RD&I

Polyurethane Recycling

Cycle for foams

A new process could solve one of the major waste problems of our time: It turns old polyurethane foams back into valuable raw materials. 

Polyurethane (PU) is a particularly versatile and high-performance plastic. It is used when resistance and durability are required. It is particularly suitable for foams that insulate or cushion. In house facades, refrigerators, car seats or mattresses, for example, such foams are usually in use for many years. Unfortunately, however, they can hardly be recycled afterwards. In the EU alone, for example, around 40 million mattresses end up in landfills or incinerators every year. That has to change.

Successful feat

Together with our colleagues from the Comfort & Insulation business line and Process Engineering, we have developed a process that allows polyurethane to be chemically recycled. Typical PU foams for mattresses are produced by reacting isocyanate (TDI) with polyether polyol and water and adding various additives. As a by-product, CO2 is released, which foams the matrix before the polymer hardens - similar to the way a cake rises in the oven. As difficult as it is to turn a cake back into butter, eggs, flour and sugar, it is also difficult to reverse the polymerization of a foam mattress - actually.
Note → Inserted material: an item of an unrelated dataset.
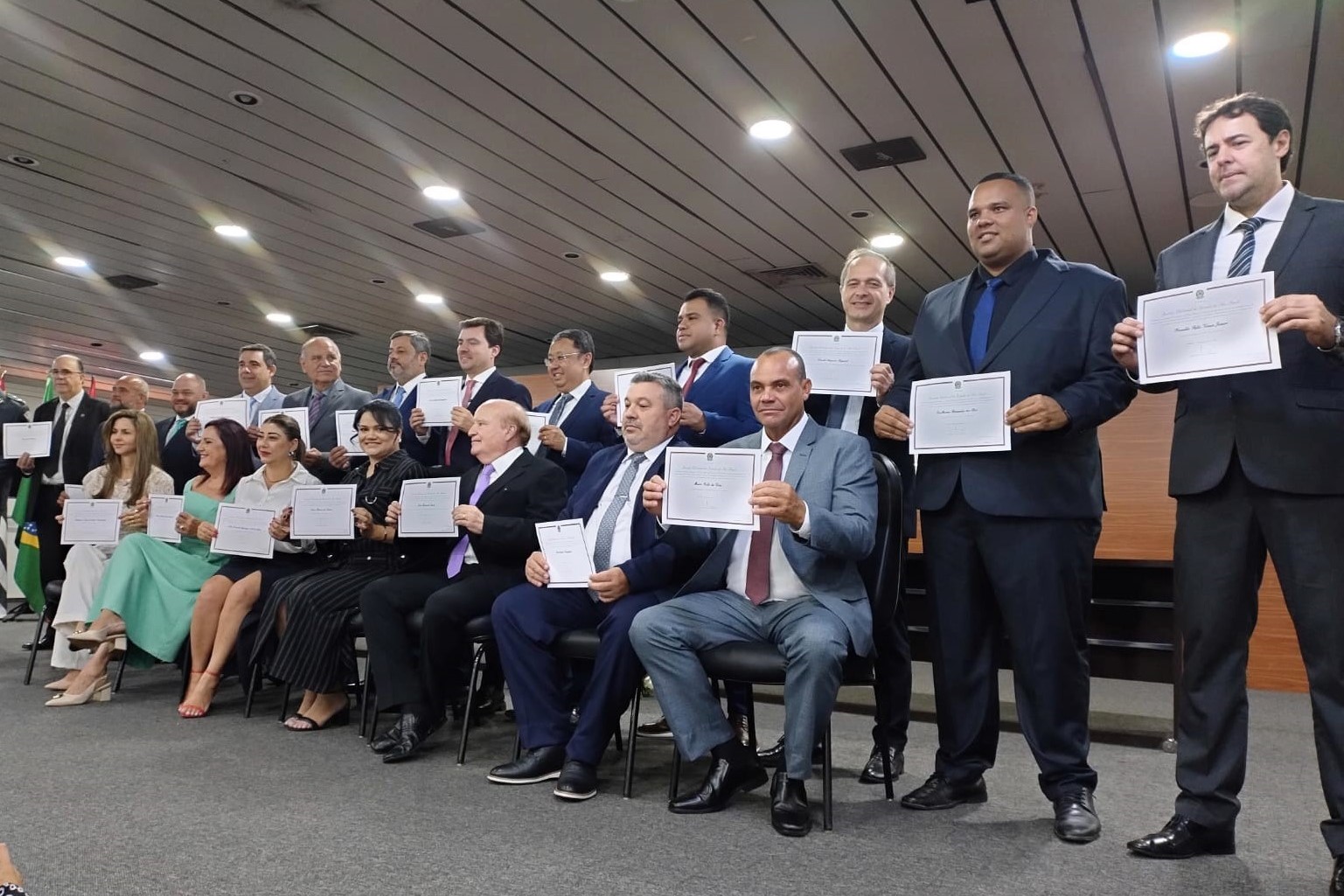 Assim, receberam das mãos do juiz o diploma de eleito os vereadores Mauro Cruz (Solidariedade), Chico do Açougue (Avante), Batata Corredato (PP), Delegada Rossana Camacho (PSD) e João do Bar (PSD).

However, we succeeded in this feat: Shredded old mattresses are chemically decomposed for this purpose in a hydrolysis reactor using heat, pressure and special catalysts, and then processed into pure amine, the direct precursor of isocyanate, and polyol - the basic ingredients of polyurethane.

Completely new territory

Evonik has long been the leading manufacturer of additives and catalysts for the production of PU foams. It is only thanks to such process auxiliaries that foaming and thus the properties of the finished foam can be precisely controlled. Accordingly, Evonik's Comfort & Insulation Business Line knows the processes and the market very well. "Developing the recycling process was completely new territory for us," says Emely Schweissinger, Project Lead and Technology Manager in the Product Line Comfort. "However, our competencies in Creavis make it possible to tackle completely new innovation projects as well." To this end, as the Group's business incubator, we link new research with practical user knowledge from the business. With success, as it turns out.

First pilot plant

The first pilot plant capable of recycling large quantities of mattresses is due to go on stream shortly in Hanau. Scalability is crucial: plastics play an important role in the circular economy. An EU regulation commonly known as the "Plastics Directive" stipulates that from 2025 onwards, certain plastic products must consist of a quarter recycled material. To be sure, this still applies primarily to single-use packaging. But durable products such as mattresses and other PU applications will inevitably follow suit. It is therefore important to make solutions ready for practical use now.